Banking must move from mobile-first to AI-first

The importance of machine learning and artificial intelligence in banking is underscored by the Jim Marous in his coverage of a new Accenture report for The Financial Brand. "Today, AI is moving beyond process improvement, becoming the new user interface (UI), underpinning the way financial organizations transact and interact with systems. Machine learning will adapt to data and interactions to improve areas like fraud detection, and will leverage AI-enabled tools (like digital assistants and chatbots) to create more contextual interactions with customers.

What should be priority for banks

It shouldn't be the repeal of Dodd-Frank, although that's what they want and what the Trump administration is working to deliver, suggests leading financial service seer and author Chris Skinner. Rather than risk another meltdown, how about that banks "embrace technology and change the boardroom. Banks are led by bankers, but banks are fintech firms too. Banks should therefore have a good balance of technologists and bankers in the boardroom. If a bank’s leadership team cannot understand the difference between machine learning and deep learning or between blockchain and a distributed ledger, how can they possibly lead the bank into this digital future?"

The best Meeker 2017 Internet Trends slides and what they mean

Every year, Mary Meeker presents "the most highly anticipated slide deck in Silicon Valley," in the words of the Recode blog. The partner in VC firm Kleiner Perkins Caufield & Byers analyzes the most important trends in technology, including smart phones, media and advertising, ecommerce, technology investments, and the companies and countries leading the business. Recode presents an overview of the report, and TechCrunch pulls out the 56 most important trends from the 355 slide deck.

The Ant goes marching

Much U.S. reporting on Donald Trump's withdrawal from the Paris Climate treaty mentioned that China is stepping right up to fill the U.S. void. The Meeker report notes that China far and away leads mobile payments. The venture firm FinTech Collective adds its perspective in its report on Ant Financial, which has the dominant FinTech market position in China. While "fintech startups in the U.S. have successfully unbundled financial services" they have also left a gap for the consumers that want "the simplicity of a “one-stop-shop.”" Ant Financial's "international ambitions" are starting to look like just that approach.

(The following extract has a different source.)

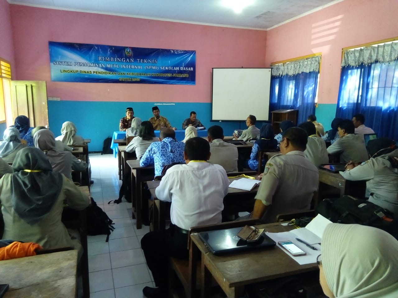 JOMBANGKAB.GO.ID, DISDIKBUD - Untuk mengimplementasikan Permendikbud Nomor 28 Tahun 2016 tentang Sistem Penjaminan Mutu Internal (SPMI) Pendidikan Dasar dan Menengah, Dinas Pendidikan dan Kebudayaan (Disdikbud) Kabupaten Jombang menggelar Bimbingan Teknis SPMI Sekolah Dasar (SD). Karena banyaknya kegiatan dan keterbatasan tempat di Disdikbud Kab. Jombang, bimtek dilaksanakan di SMP Sawunggaling dan SDN Pandanwangi Diwek (11/11) di SMP Sawunggaling yang dibuka oleh Sekretaris Disdikbud Jombang, Jumadi, S.Pd., M.Si.

Soup and warm blankets for the fintech revolutionists?

In its coverage of Accenture U.K.'s report "FinTech" Did someone cancel the revolution," The FinTech Revolutionist suggests that the real reason FinTech firms and financial institutions are cooperation has more to do with co-option than easing regulatory burdens and customer acquisition. Beware that "paternalistic support may well prove smothering to many would-be disruptors," the Revolutionist reports. "Because coziness and coup d’etats just don’t mix."

BLOCKCHAIN WATCH

This was a big week for blockchain. Jeremy Epstein, CEO of Never Stop Marketing, reports on the Consensus conference and the Token Summit. "Almost universally, people at these events were saying just how FAST things seemed to be progressing. The rate of innovation in various blockchains and solutions was mindboggling," he writes, in a post full of good links to companies and announcements.

Why the blockchain needs more failures to succeed. Failure is not exactly a welcome word in financial service yet it is critical to innovation, yet there have been few major failures in the blockchain market, writes blockchain investor and author William Mougayar. "Failures are important because their sum results in a new body of knowledge that is rich with useful insights and best practices. An aftermath of real failures can make the whole blockchain ecosystem more resilient, because it will result in revealing the boundaries and realities of what’s possible, useful, absurd, impossible, repeatable and scalable; out of everything that appears plausible and innovative at the beginning."